— Your assignment —
Print the entries below exactly as they appear, from the first line up to and including the line with "как выглядит Miama". Do not print any pictures.
━━━ Supplied records
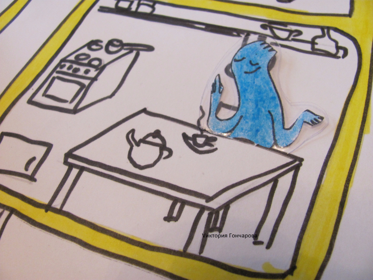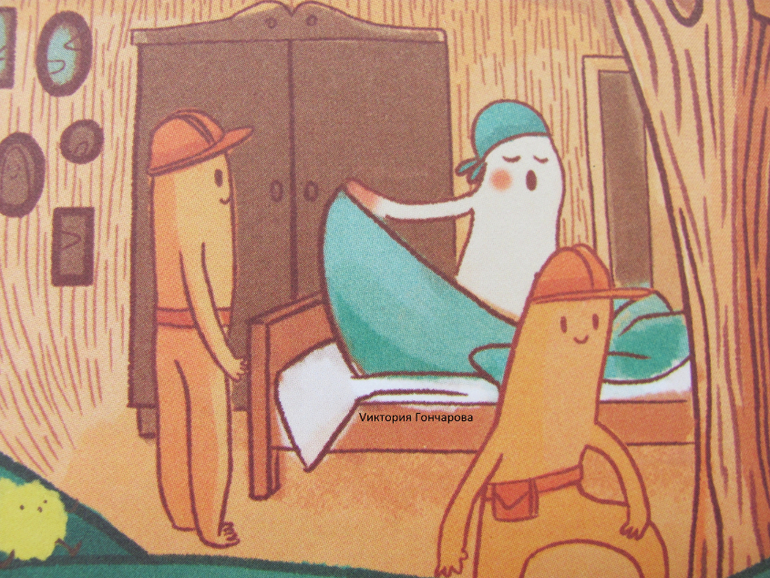 Но, т.к героев много а кровать и стол один - пришлось всех туда вмещать))
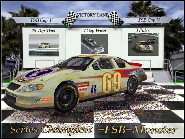 Our fifth season came to a close with =FSB=Monster hanging on for his second career points championship. His 7 Cup wins led the league and he finished every race he started except one. Good job Monster, you are officially the man!
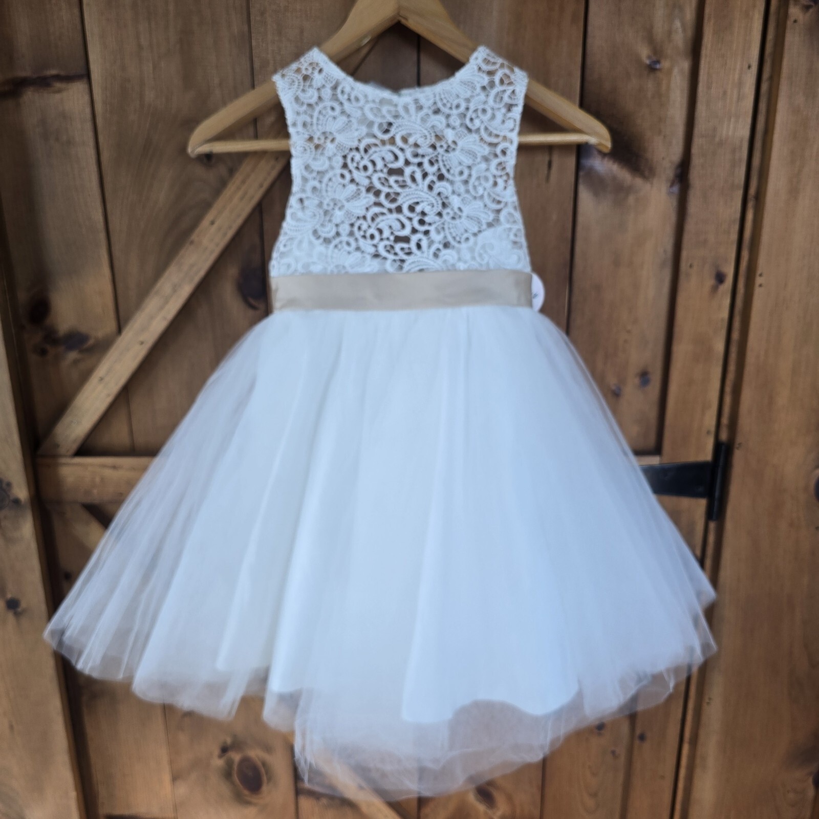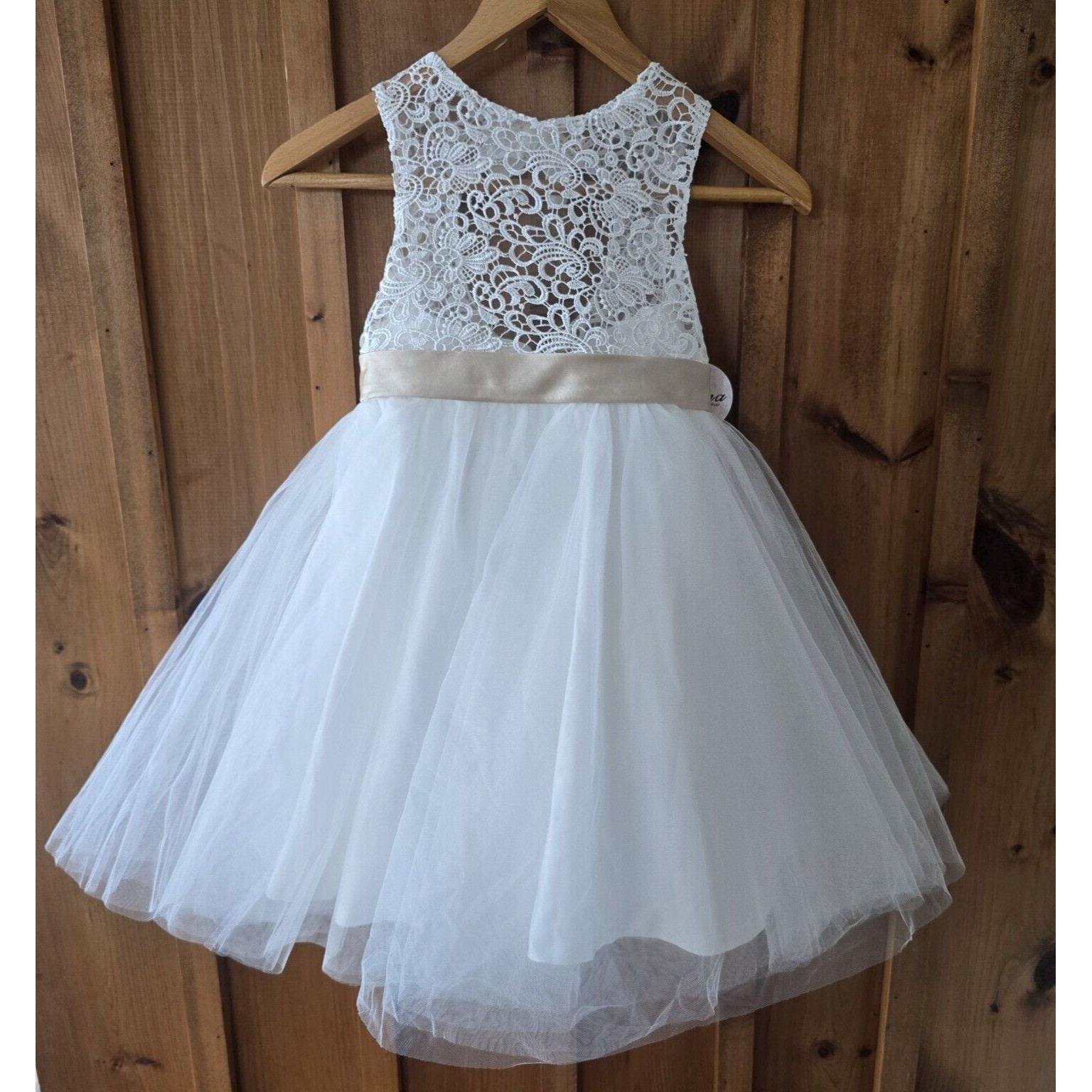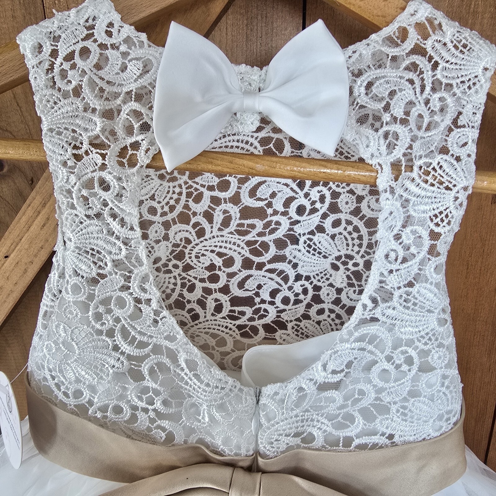 как выглядит Miama Lace Tulle Flower Girl Dress Kid Size 7 White Champagne Bow Wedding Formal фото
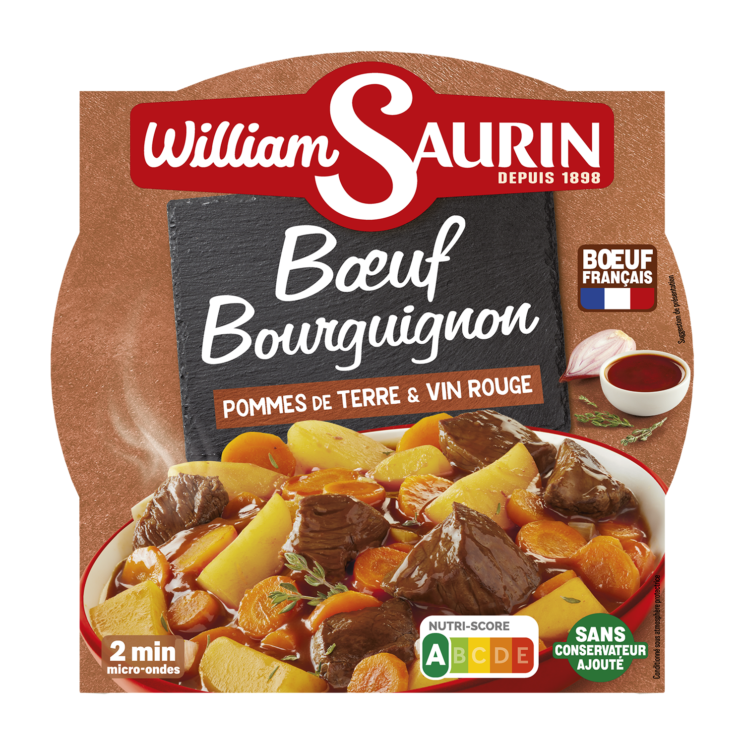 Sastāvdaļas: Iepriekš pagatavoti kartupeļi: 28 %, iepriekš pagatavota liellopu gaļa sālījumā: 25 % (liellopu gaļa, sālsūdens, skābuma regulētājs: nātrija citrāts), ūdens, burkāni: 16 %, sarkanvīns: 5 %, tomātu koncentrāts, sīpoli, modificēta ciete, aromātiski augi (tostarp šalotes sīpoli un timiāns), sarkanvīna ekstrakts, rapšu eļļa, dabiski aromatizētāji, kakao pulveris, garšvielas. Gaļas izcelsmes valsts: Francija.
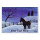Un pequeño paisaje acuático de un burro en un campo de nieve en silueta y un cielo estrellado y nocturno.
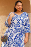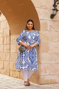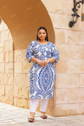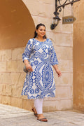 Plus Size White & Blue Ikat Print Cotton Kurti for Women
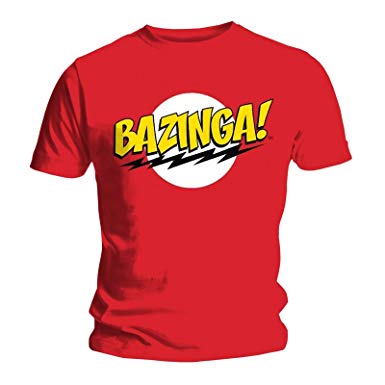 T shirt Bazinga la célèbre expression de Sheldon Cooper dans la série Big Bang Theory, la série la plus geek et délire.
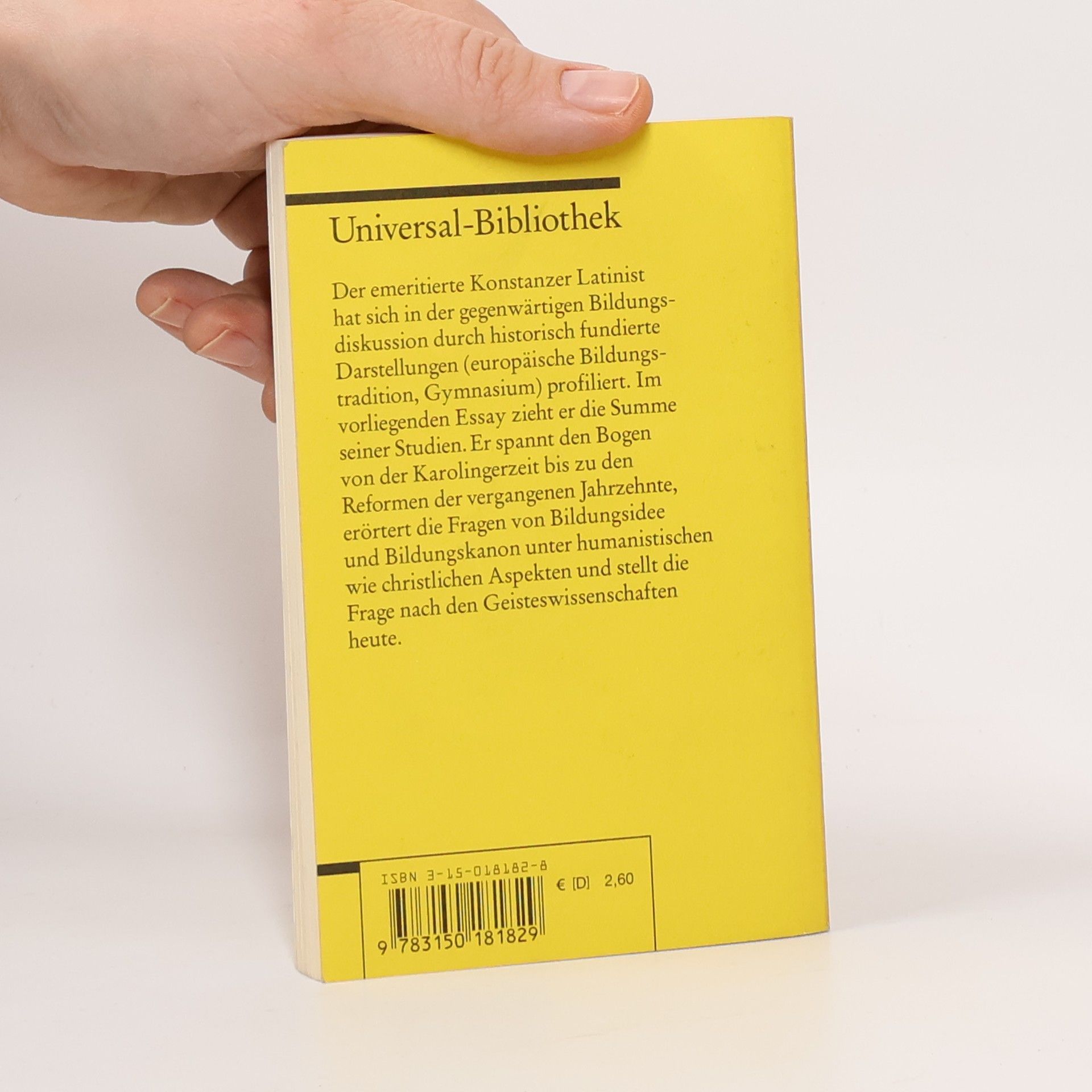 Die Bildungsdiskussion ist in vollem Gange: Der emeritierte Konstanzer Latinist legt dafür ein historisches Fundament und skizziert die Geschichte der Bildung von der Karolingerzeit bis zu den Reformen der vergangenen Jahrzehnte. Seine anschließende Auseinandersetzung mit aktuellen Bildungskonzeptionen zeigt: der humanistische und christliche Kanon kann und muss hier auch weiterhin eine tragende Rolle spielen.
━━━━━━
— Worked solution —
 Но, т.к героев много а кровать и стол один - пришлось всех туда вмещать))
 Our fifth season came to a close with =FSB=Monster hanging on for his second career points championship. His 7 Cup wins led the league and he finished every race he started except one. Good job Monster, you are officially the man!
 как выглядит Miama Lace Tulle Flower Girl Dress Kid Size 7 White Champagne Bow Wedding Formal фото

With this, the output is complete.